The task :: Among the entries below, copy only the span from the line containing "2月17日上午,急诊二部伤口" through the line containing "Dec 1881 | |||". Do so exactly, and skip the pictures.

Records ::
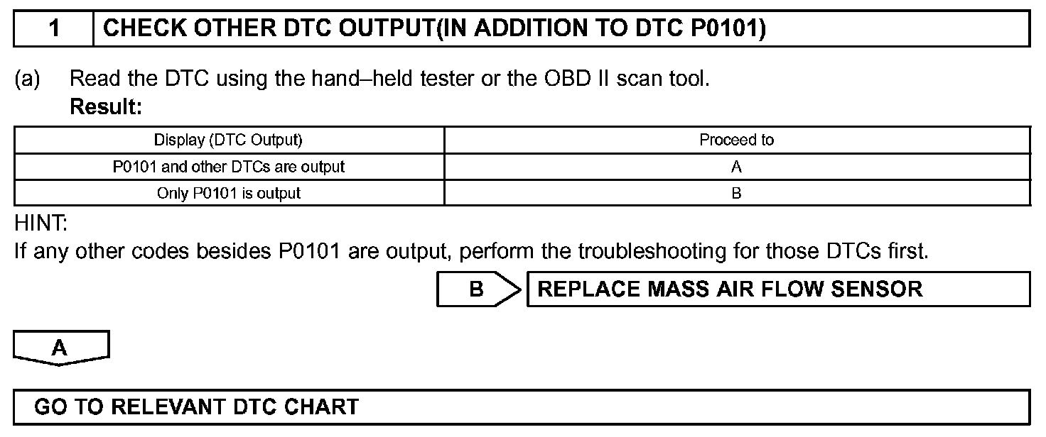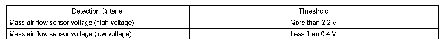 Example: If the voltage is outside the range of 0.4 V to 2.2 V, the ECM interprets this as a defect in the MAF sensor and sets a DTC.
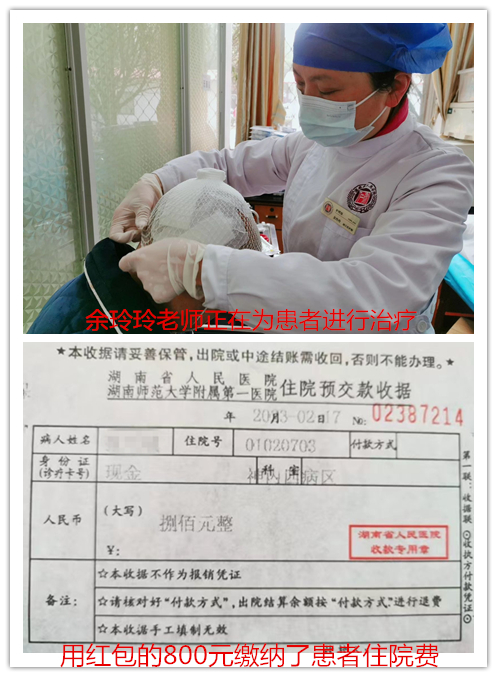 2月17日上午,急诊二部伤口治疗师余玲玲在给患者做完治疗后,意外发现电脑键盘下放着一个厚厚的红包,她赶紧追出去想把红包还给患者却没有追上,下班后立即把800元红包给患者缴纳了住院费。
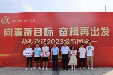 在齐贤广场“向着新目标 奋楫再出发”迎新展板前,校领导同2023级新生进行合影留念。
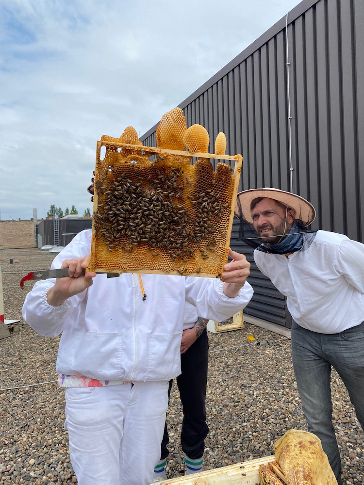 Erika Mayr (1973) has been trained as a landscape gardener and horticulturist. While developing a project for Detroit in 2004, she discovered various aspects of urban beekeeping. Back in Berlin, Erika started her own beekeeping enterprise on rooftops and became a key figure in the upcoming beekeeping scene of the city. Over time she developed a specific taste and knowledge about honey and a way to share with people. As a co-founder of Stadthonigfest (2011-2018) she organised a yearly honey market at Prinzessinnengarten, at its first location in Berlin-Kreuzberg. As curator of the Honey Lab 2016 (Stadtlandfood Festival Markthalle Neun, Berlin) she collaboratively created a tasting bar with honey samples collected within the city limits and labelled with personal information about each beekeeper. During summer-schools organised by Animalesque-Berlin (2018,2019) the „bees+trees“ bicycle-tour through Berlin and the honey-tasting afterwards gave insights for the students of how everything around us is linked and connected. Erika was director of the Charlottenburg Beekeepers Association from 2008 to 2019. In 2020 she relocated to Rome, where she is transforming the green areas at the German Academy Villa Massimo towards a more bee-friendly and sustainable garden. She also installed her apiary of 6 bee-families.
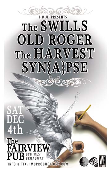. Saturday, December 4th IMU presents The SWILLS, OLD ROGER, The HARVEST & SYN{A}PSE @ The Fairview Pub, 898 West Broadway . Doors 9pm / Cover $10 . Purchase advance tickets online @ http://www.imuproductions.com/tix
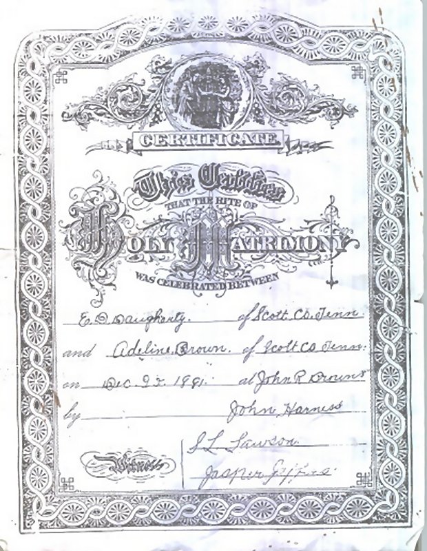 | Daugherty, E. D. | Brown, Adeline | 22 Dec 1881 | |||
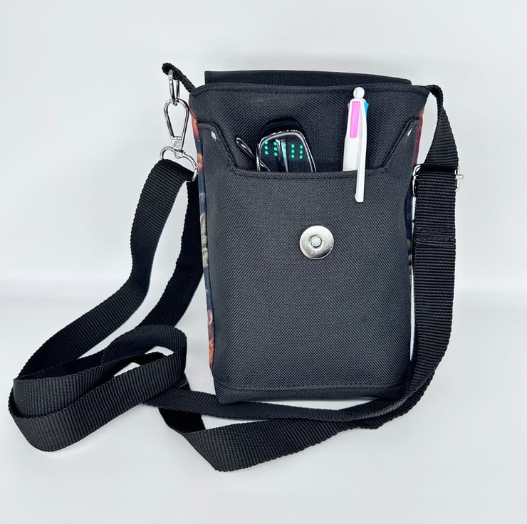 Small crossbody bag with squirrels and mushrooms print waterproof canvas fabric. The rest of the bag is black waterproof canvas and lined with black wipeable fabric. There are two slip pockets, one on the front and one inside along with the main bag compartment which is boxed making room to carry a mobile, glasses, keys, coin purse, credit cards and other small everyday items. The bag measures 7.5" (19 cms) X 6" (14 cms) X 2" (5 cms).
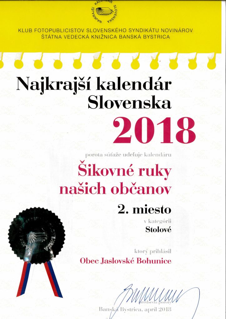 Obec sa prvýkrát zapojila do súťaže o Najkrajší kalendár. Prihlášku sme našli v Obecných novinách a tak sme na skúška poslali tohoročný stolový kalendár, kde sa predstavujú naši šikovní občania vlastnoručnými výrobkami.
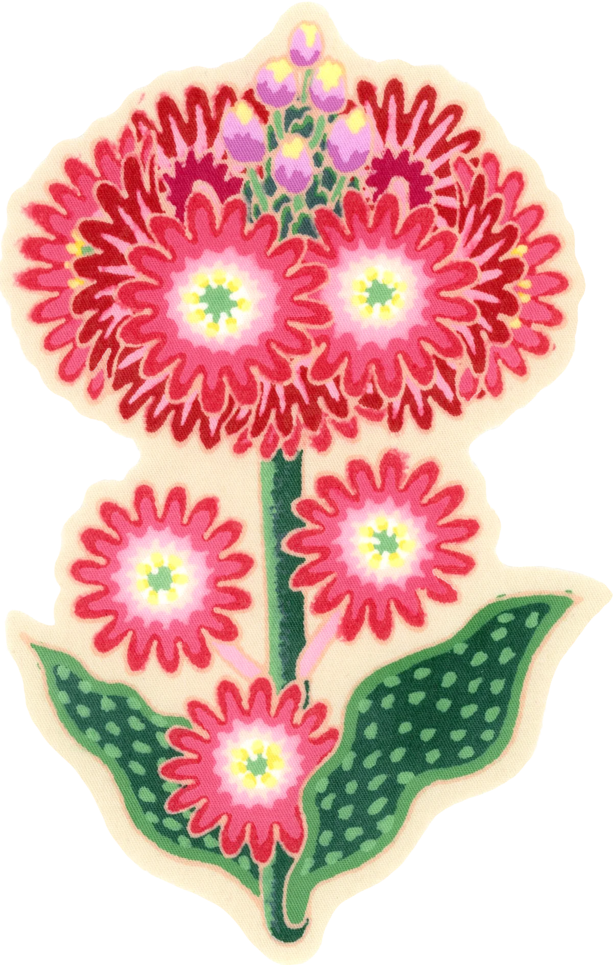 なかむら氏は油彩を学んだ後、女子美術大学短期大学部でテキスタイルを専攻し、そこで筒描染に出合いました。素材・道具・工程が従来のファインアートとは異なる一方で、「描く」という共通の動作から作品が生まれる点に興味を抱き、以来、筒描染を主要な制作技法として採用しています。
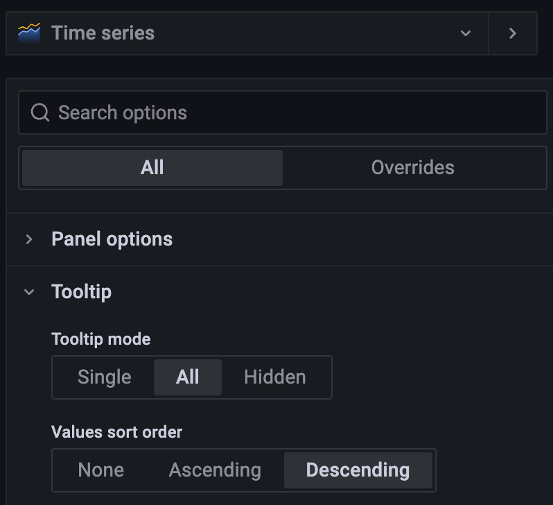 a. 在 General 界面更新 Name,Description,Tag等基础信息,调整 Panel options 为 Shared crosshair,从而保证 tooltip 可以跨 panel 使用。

---

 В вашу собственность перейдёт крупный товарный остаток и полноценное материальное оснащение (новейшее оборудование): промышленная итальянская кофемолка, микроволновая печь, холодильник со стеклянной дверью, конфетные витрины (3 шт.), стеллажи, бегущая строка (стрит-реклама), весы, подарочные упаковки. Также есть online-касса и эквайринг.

Response ::
 2月17日上午,急诊二部伤口治疗师余玲玲在给患者做完治疗后,意外发现电脑键盘下放着一个厚厚的红包,她赶紧追出去想把红包还给患者却没有追上,下班后立即把800元红包给患者缴纳了住院费。
 在齐贤广场“向着新目标 奋楫再出发”迎新展板前,校领导同2023级新生进行合影留念。
 Erika Mayr (1973) has been trained as a landscape gardener and horticulturist. While developing a project for Detroit in 2004, she discovered various aspects of urban beekeeping. Back in Berlin, Erika started her own beekeeping enterprise on rooftops and became a key figure in the upcoming beekeeping scene of the city. Over time she developed a specific taste and knowledge about honey and a way to share with people. As a co-founder of Stadthonigfest (2011-2018) she organised a yearly honey market at Prinzessinnengarten, at its first location in Berlin-Kreuzberg. As curator of the Honey Lab 2016 (Stadtlandfood Festival Markthalle Neun, Berlin) she collaboratively created a tasting bar with honey samples collected within the city limits and labelled with personal information about each beekeeper. During summer-schools organised by Animalesque-Berlin (2018,2019) the „bees+trees“ bicycle-tour through Berlin and the honey-tasting afterwards gave insights for the students of how everything around us is linked and connected. Erika was director of the Charlottenburg Beekeepers Association from 2008 to 2019. In 2020 she relocated to Rome, where she is transforming the green areas at the German Academy Villa Massimo towards a more bee-friendly and sustainable garden. She also installed her apiary of 6 bee-families.
. Saturday, December 4th IMU presents The SWILLS, OLD ROGER, The HARVEST & SYN{A}PSE @ The Fairview Pub, 898 West Broadway . Doors 9pm / Cover $10 . Purchase advance tickets online @ http://www.imuproductions.com/tix
 | Daugherty, E. D. | Brown, Adeline | 22 Dec 1881 | |||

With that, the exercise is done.